Thanks. For what it’s worth I had the issue on 4.17.2. I’ll probably make it to 4.18 but it may take a few weeks, let me know if you try it

Do you have the setting checked for generating/using Pak files when packaging?

I’ve been taking a look at this issue today and found that our build machine wasn’t packaging our assets. When pak files are turned on, I wasn’t able to reproduce the problem. This could point towards a load order issue or a race condition that only happens when multiple files are opened during async load. It’s also possible that I just moved the race condition elsewhere. I’ll update again if we continue to see the problem.

If you are referring to “use pak file”, it is checked and has never been unchecked

I’ve always been having this problem with pak files on. Do you have blueprint nativization on by chance?

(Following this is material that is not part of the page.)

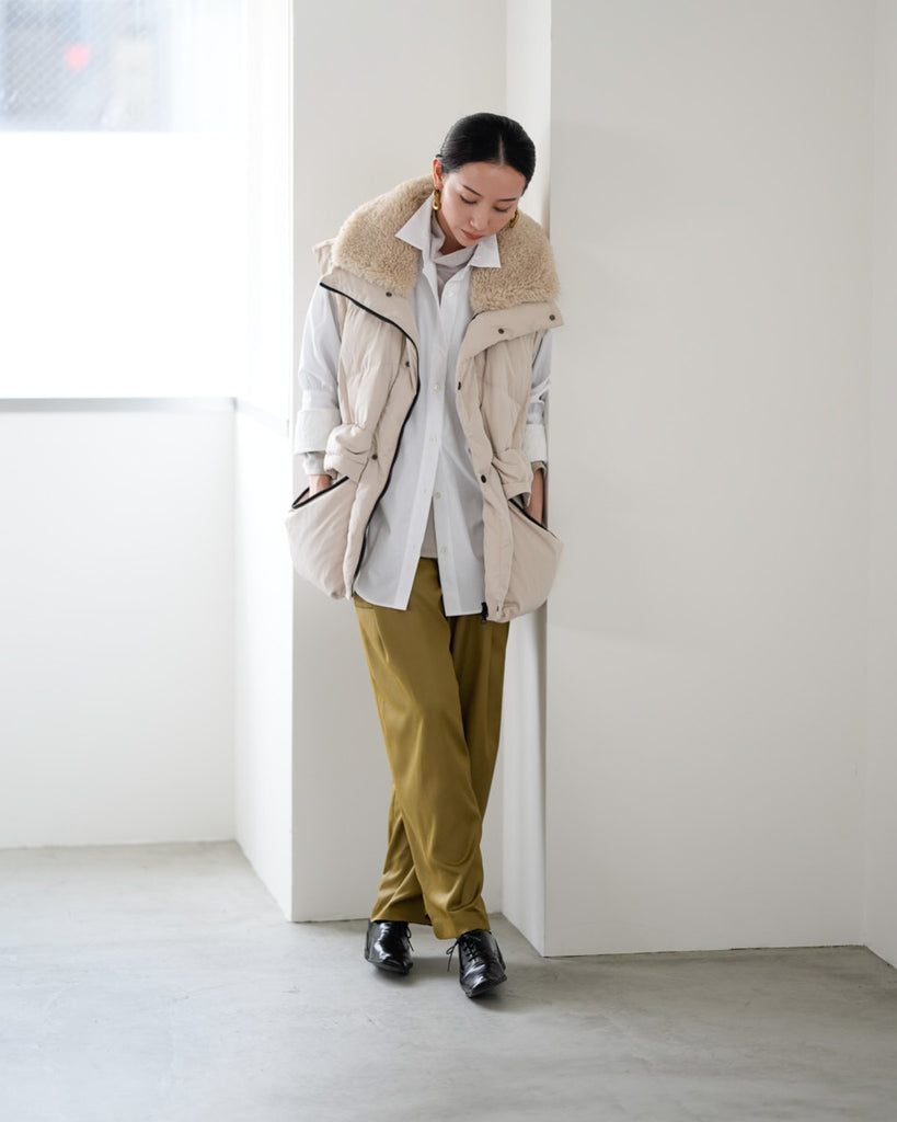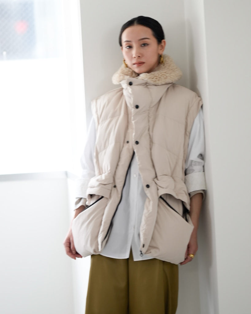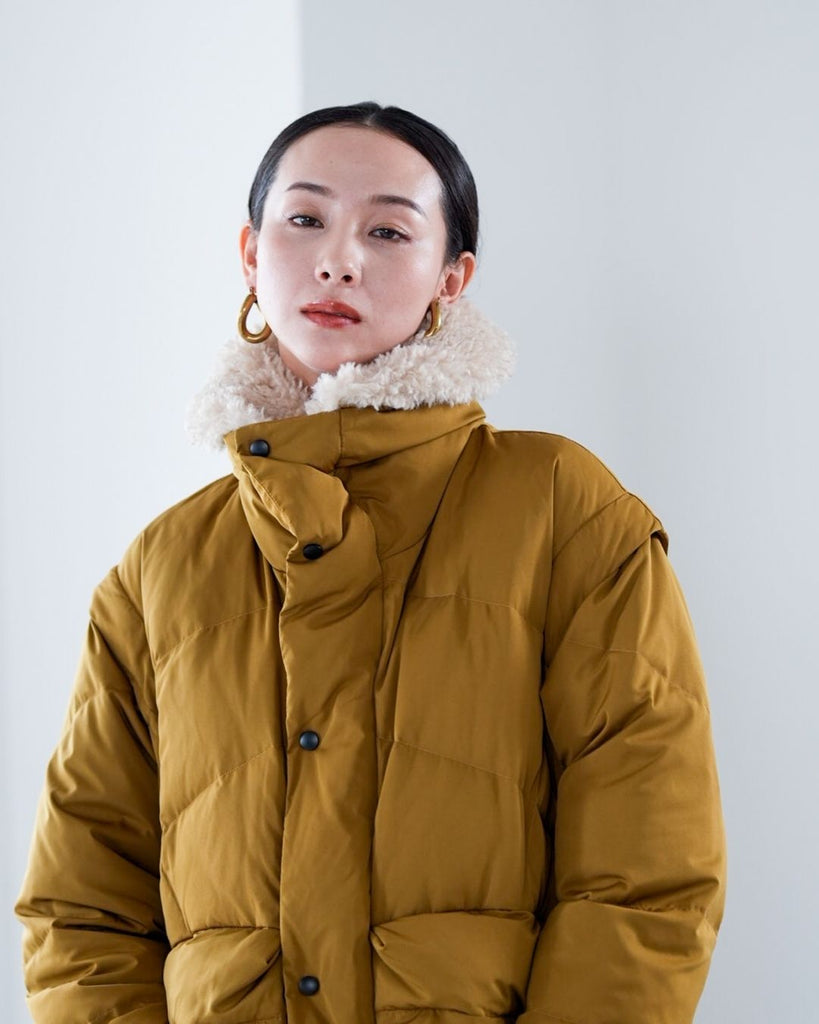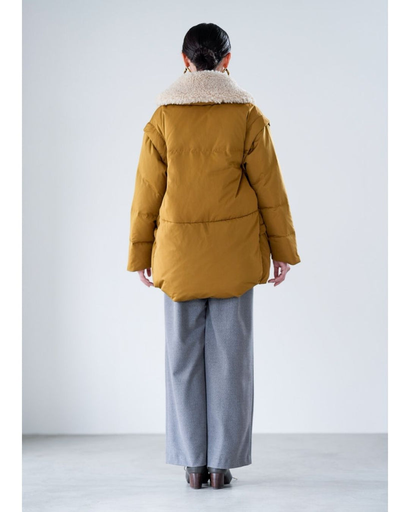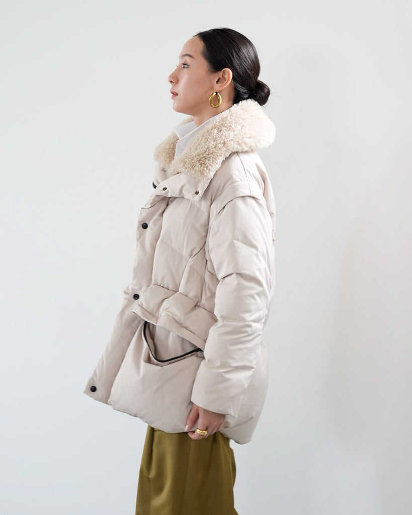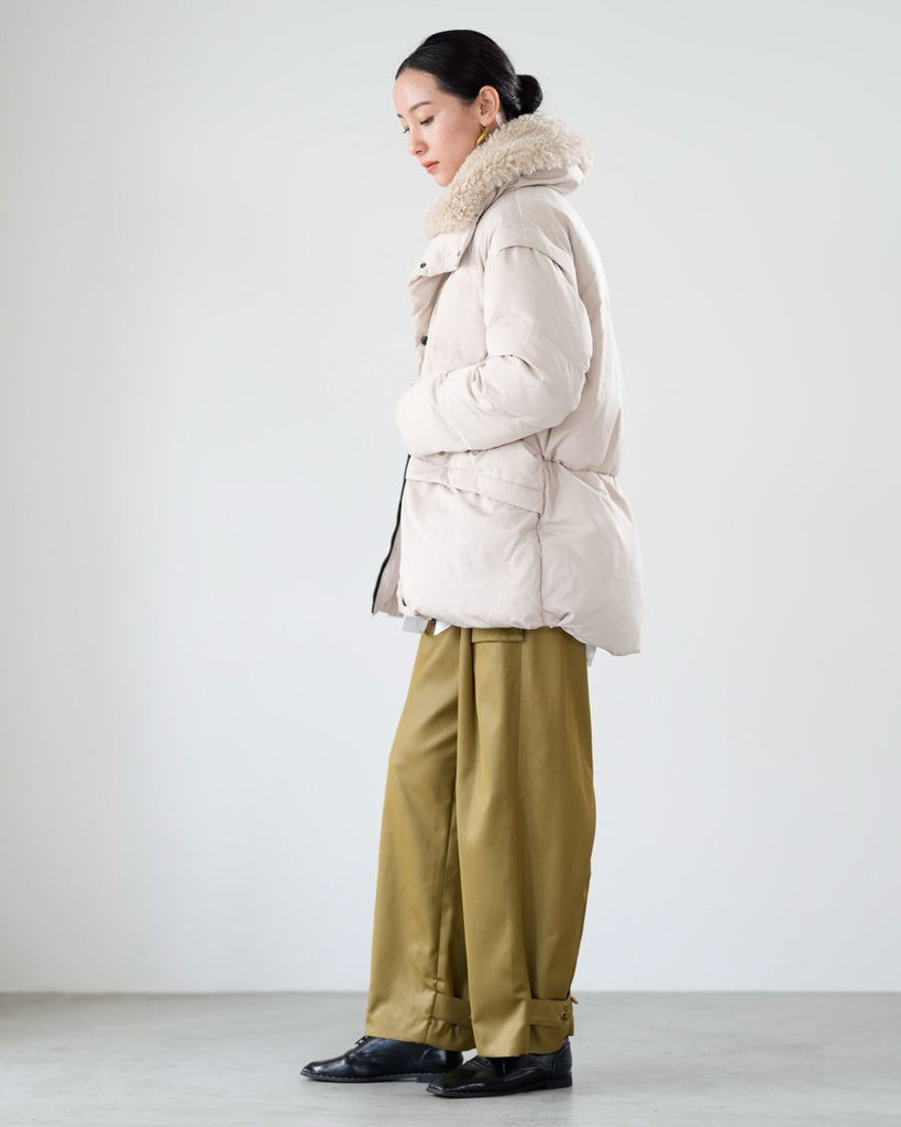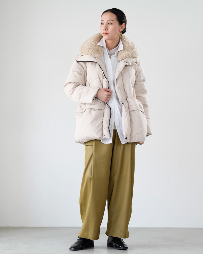 アームホールのファスナーで袖をセパレートできる2wayダウンジャケット。リアルダウンで防寒性はもちろん、モードなデザインでファッション性も高いラリアムーのダウンです。衿のムートン風エコファーは取り外し可能で、顔まわりに華やかさとあたたかさをもたらします。身頃は程よいハリ感のダウン量に調整し、肩やアーム周りのダウン量を少なくすることで気になる着膨れに配慮しました。(ダウンパック入)ポケット口のファスナーは開けて着用することもでき、スタイリッシュなムードを作ってくれます。腰がしっかり隠れる着丈で真冬も安心して着用できます。

I was having this strange issue after disabling event driven loading and the fix I discovered was to have blueprint nativization on. This seems to be a trend; that event driven loading OR blueprint nativization must be enabled to avoid certain issues. Perhaps the 3 settings interact in some crazy race condition?

We do not have nativization turned on. All of the reproduction uncertainty leads me to believe that the race condition still exists in some low level piece of code. Perhaps the lockless list code? I haven’t had an opportunity to comb through it yet to see if I can find anything, and that’s really pure speculation on my part.